Which is to say that with an iterative, human-computer interaction (HCI), that is back-ended by a GPT (API) algorithm which can learn from the conversation and perhaps be enhanced by RAG (retrieval augmented generation) of code AND documentation (AKA prompt engineering), results beyond the average intern-engineer pair are not easily achievable, but increasingly probable given how both humans and computers are learning iteratively as we interact with emergent technology.
The key is that realizing that the computer can generate code, but that code is going to be frequently bad, if not hallucinatory in its compilability and perhaps computability and therefore, the human MUST play a DevOps or SRE or tech writer role pairing with the computer to produce better code, faster and cheaper.
Subtract either the computer or the human and you wind up with the same old, same old. I think what we want is GPT-backed metaprogramming produce white box tests precisely because it can see into the design and prove the code works before the code is shared with the human.
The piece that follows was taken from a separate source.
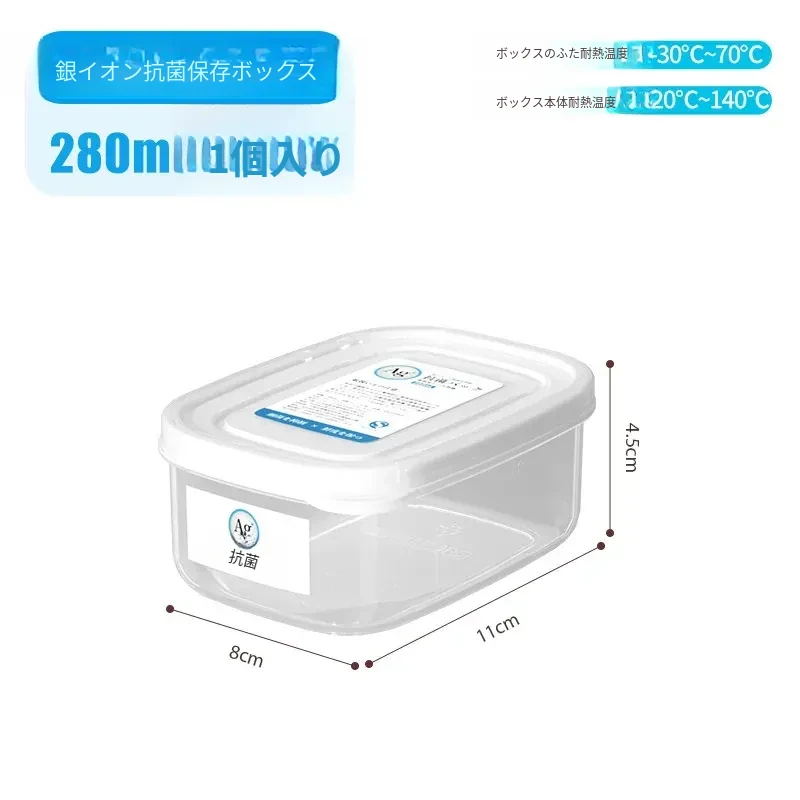 7個入り 280ML(中国製)【銀イオン抗菌素材/食品用PP】

I don't know about you, but I'd trust AI a lot further if anything it generated was provable BEFORE it reached my cursor, not after.
The same is true here today.
Why doesn't every GPT interaction on the planet, when it generates code, simply generate white box tests proving that the code "works" and produces "expected results" to reach consensus with the human in its "pairing"?
I'm still guessing. I've posed this question to every team I've interacted with since this emerged, which includes many names you'd recognize.
Not trivial, but increasingly straightforward given the tools and the talent.